***** LISTED ENTRIES *****

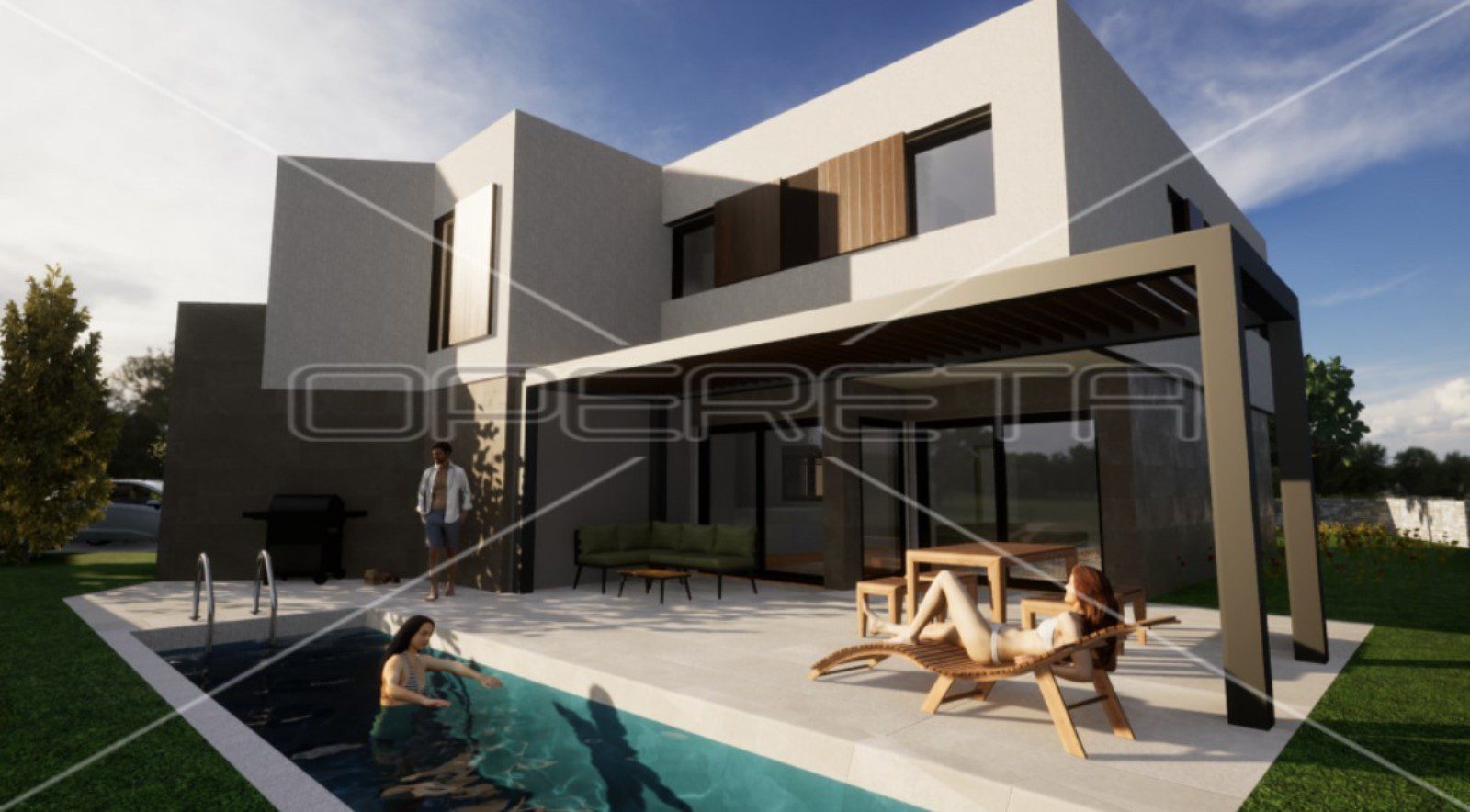 There are currently two concepts for developing the project, the first more luxurious one that includes detached villas of approximately 400 m2 with a swimming pool, while the more economical variant divides that villa into 2 residential units.
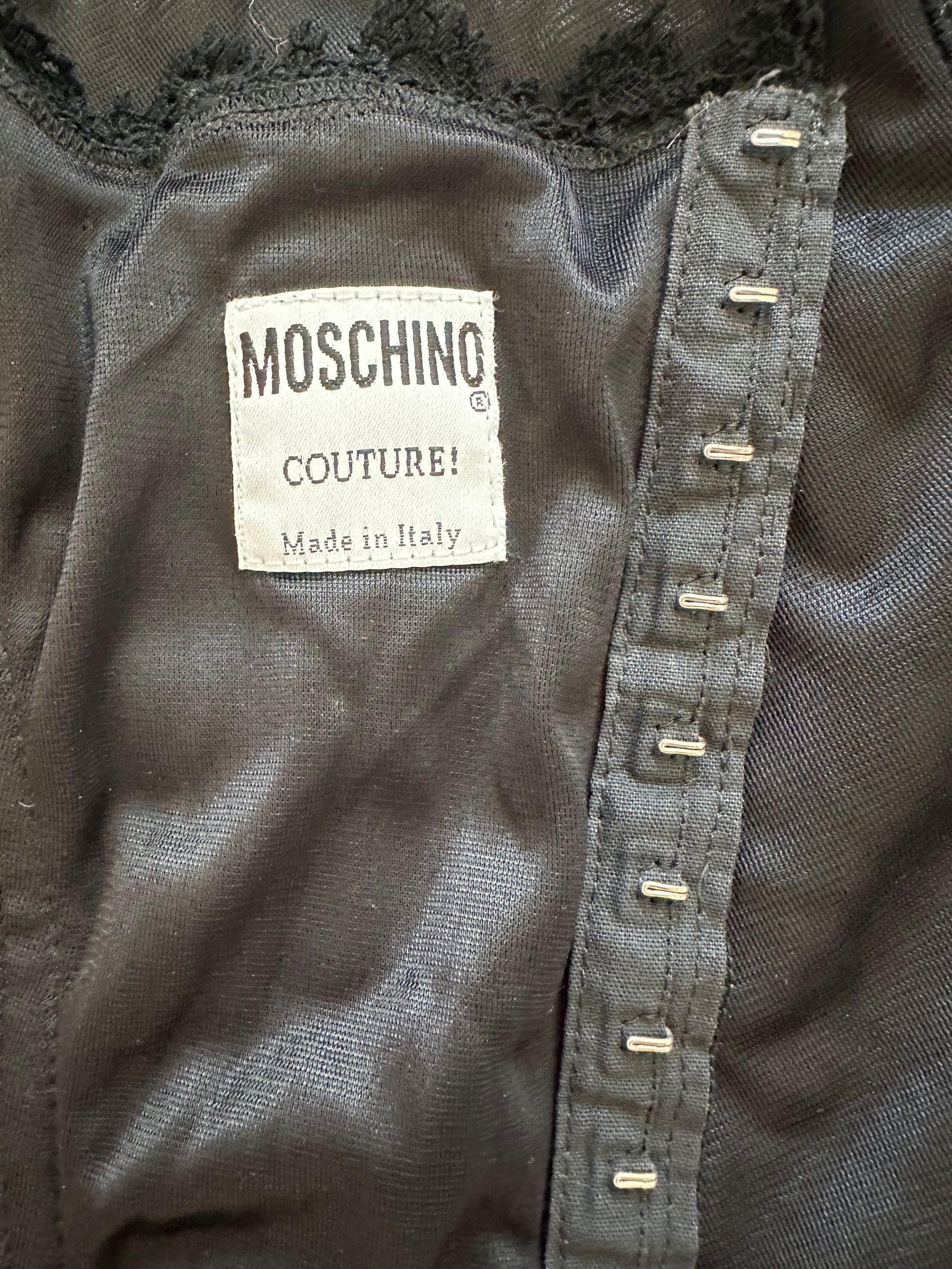 A lovely, little vintage Moschino Couture black top fastened up the back with hooks. The piece is in good condition, but the material has lost some of its strength due to age. It has been pictured here on a size 40 IT, 5 7" and the size on the label is a 42 IT. Please refer to the measurements below for more information.
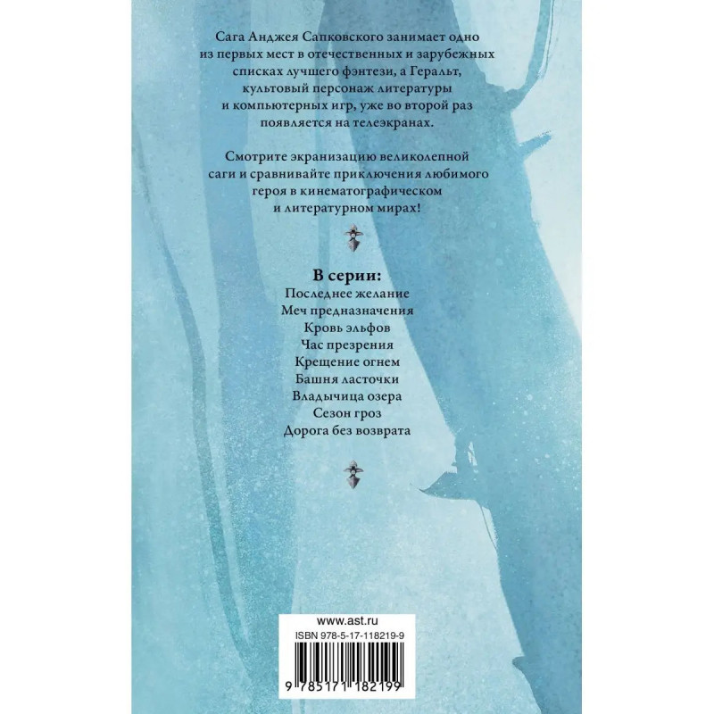 Сага Анджея Сапковского занимает одно из первых мест в отечественных и зарубежных списках лучшего фэнтези, а Геральт, культовый персонаж литературы и компьютерных игр, уже во второй раз появляется на телеэкранах. Таинственные силы Предназначения связали ведьмака Геральта с девочкой, принцессой по имени Цирилла. Возможно ли сбежать от своего Предназначения, ставшего судьбой и нужно ли это Геральту? Читайте продолжение великолепной саги и сравнивайте приключения любимого героя в кинематографическом и литературном мирах!
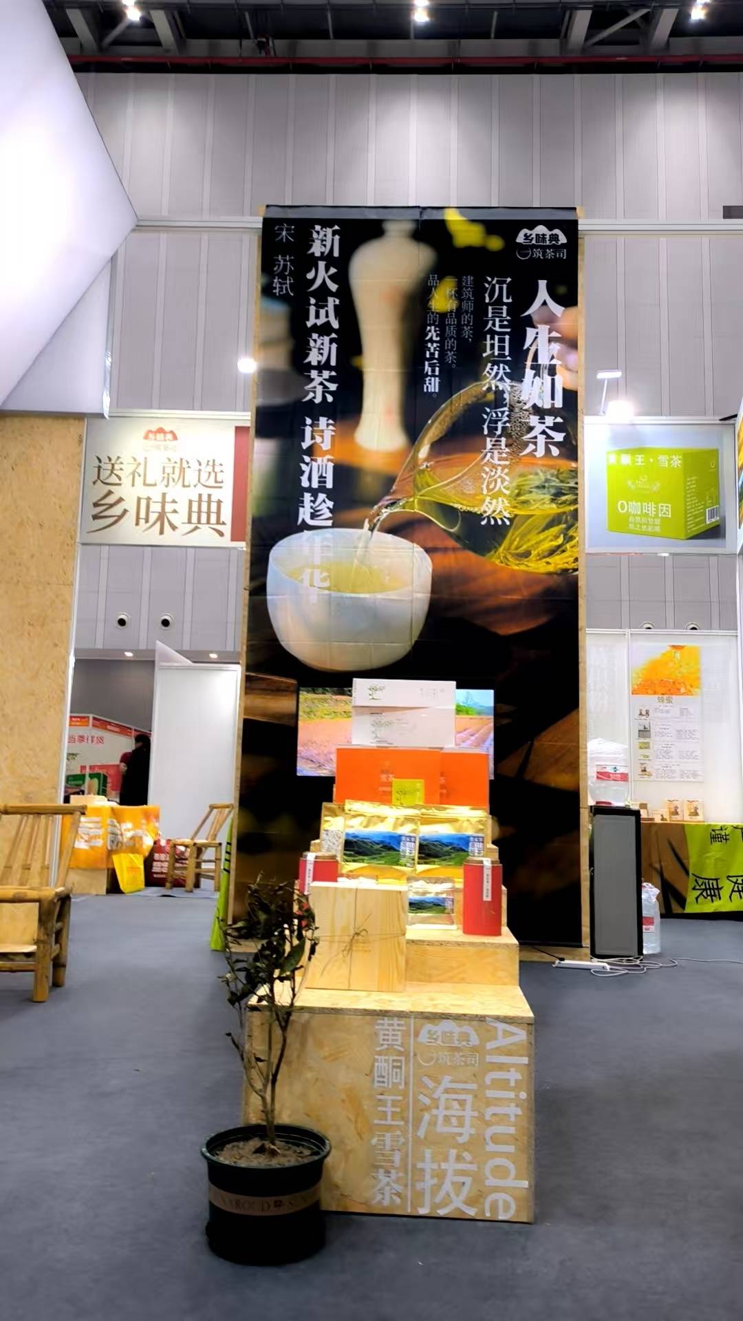 好产品需要好空间来承载。本次“乡味典”展馆由品牌创始人、国家一级注册建筑师亲自操刀设计,将建筑学的美学理念与茶文化深度融合,打造出一个兼具东方禅意与现代审美的沉浸式体验空间。
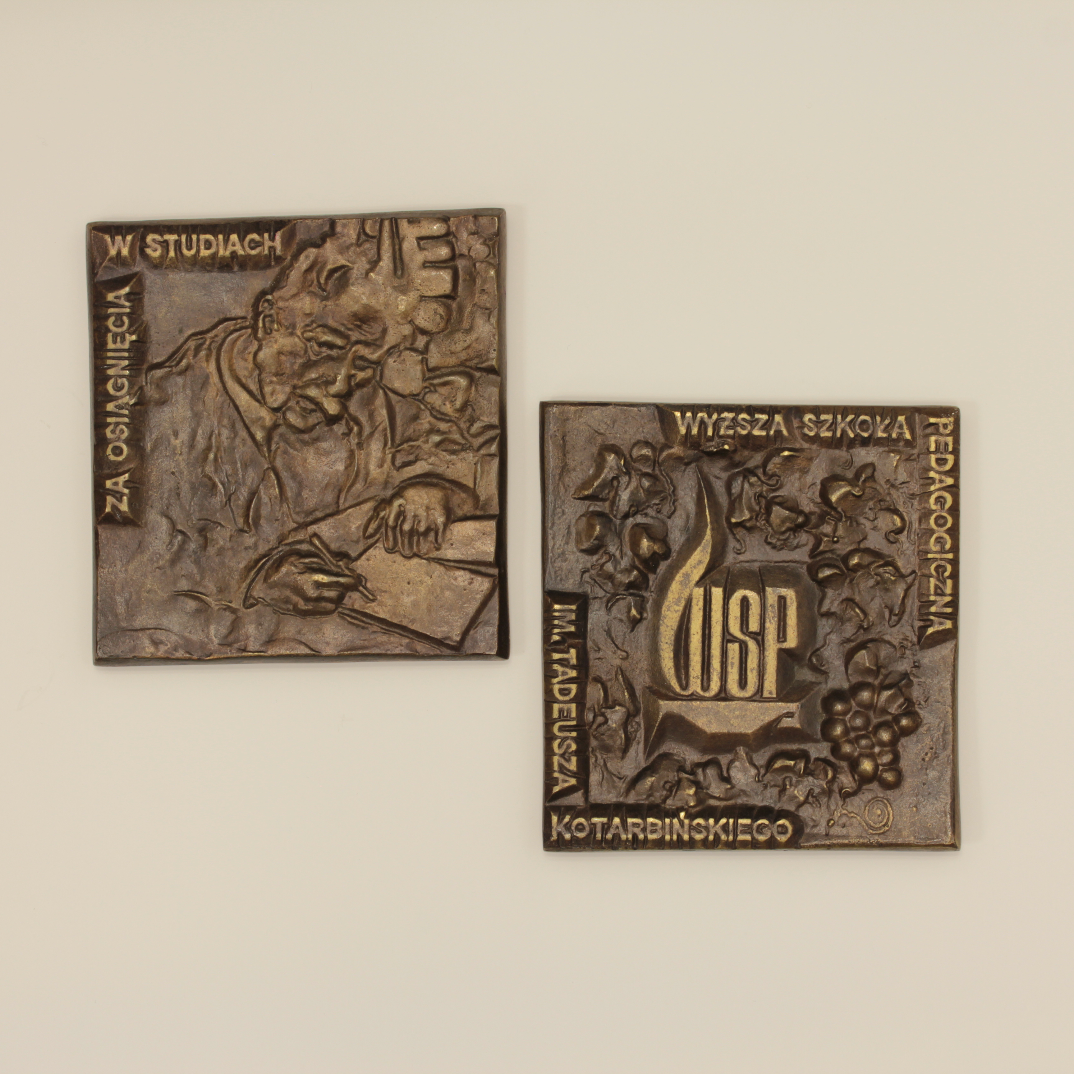 Opis:Awers: logo WSP wokół kiści winogron, napis po przekątnej: "Wyższa Szkoła Pedagogiczna im. Tadeusza Kotarbińskiego" ; Rewers: podobizna Tadeusza Kotarbińskiego, napis w lewym górnym rogu: "Za osiągnięcia w studiach" ; Medal wykonany z brązu ; 10,5 cm x 12 cm × głęb. 1,4 cm
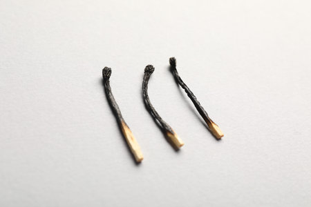 Burnt matches on light grey background, closeup
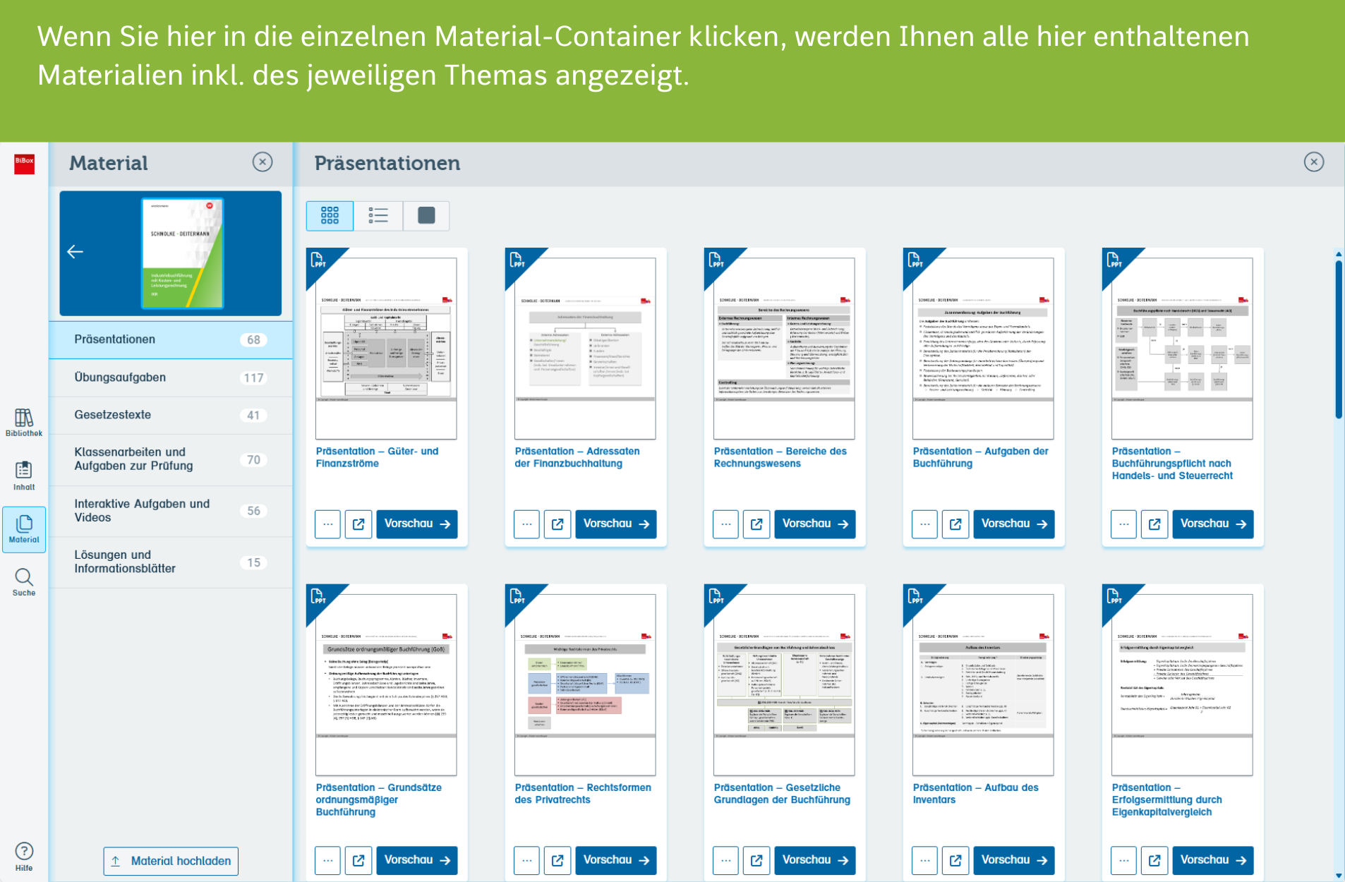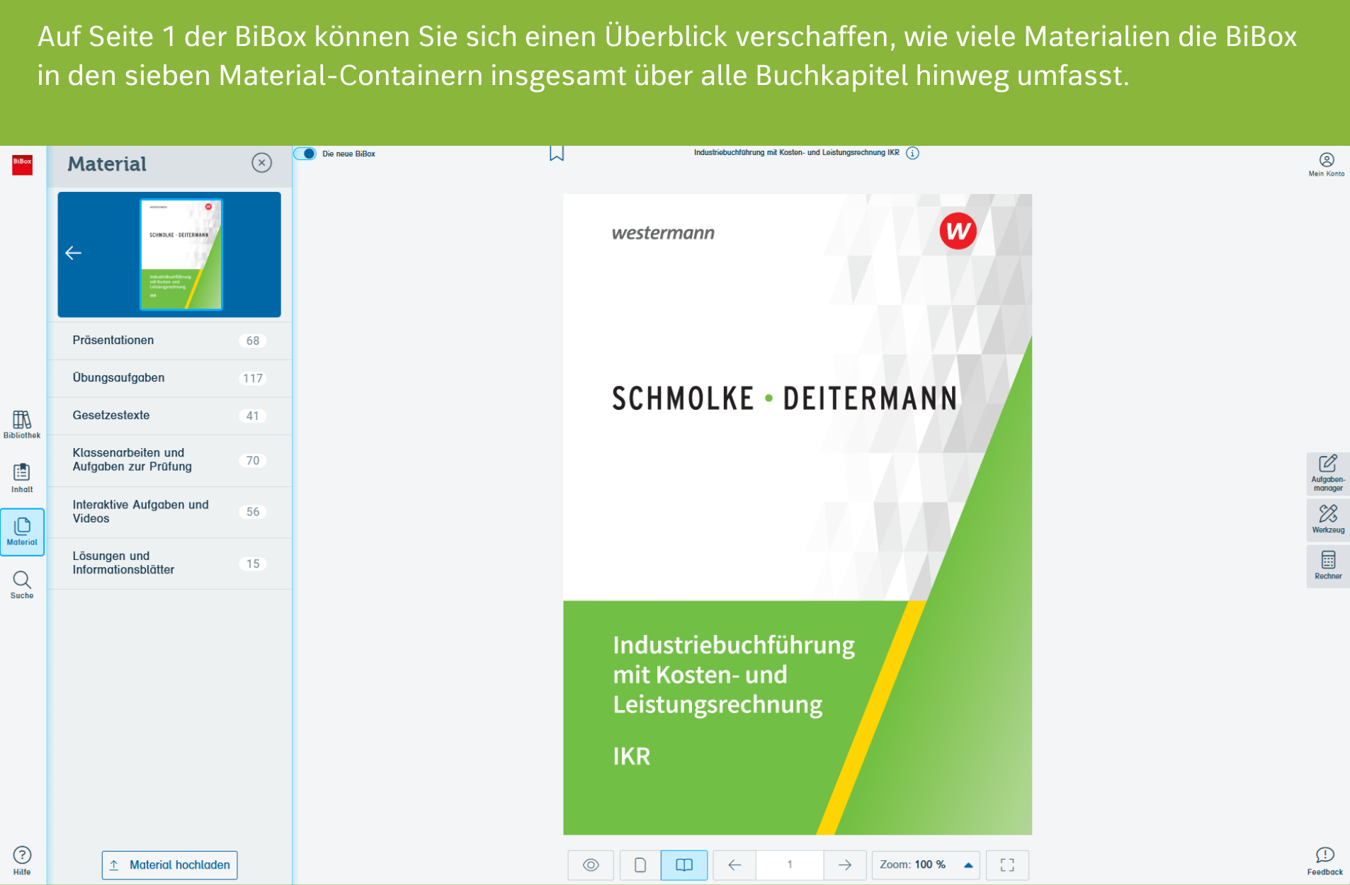 Der hybride Unterricht kombiniert das Lernen mit dem haptischen Buch und dem E-Book inklusive digitaler Tools und Zusatzmaterialien. Diese Kombination macht den Unterricht besonders effektiv und sorgt für einen optimalen Lerneffekt.Zu allen Kapiteln des Buches enthält die BiBox „Industriebuchführung“ abwechslungsreiche Zusatzmaterialien bereit.

*****

* [REQUIRED ACTION]: Leave the pictures out, and please copy only the lines from the one with "Burnt matches on" through the end of the listing.

* [YOUR SOLUTION]:
 Burnt matches on light grey background, closeup
 Der hybride Unterricht kombiniert das Lernen mit dem haptischen Buch und dem E-Book inklusive digitaler Tools und Zusatzmaterialien. Diese Kombination macht den Unterricht besonders effektiv und sorgt für einen optimalen Lerneffekt.Zu allen Kapiteln des Buches enthält die BiBox „Industriebuchführung“ abwechslungsreiche Zusatzmaterialien bereit.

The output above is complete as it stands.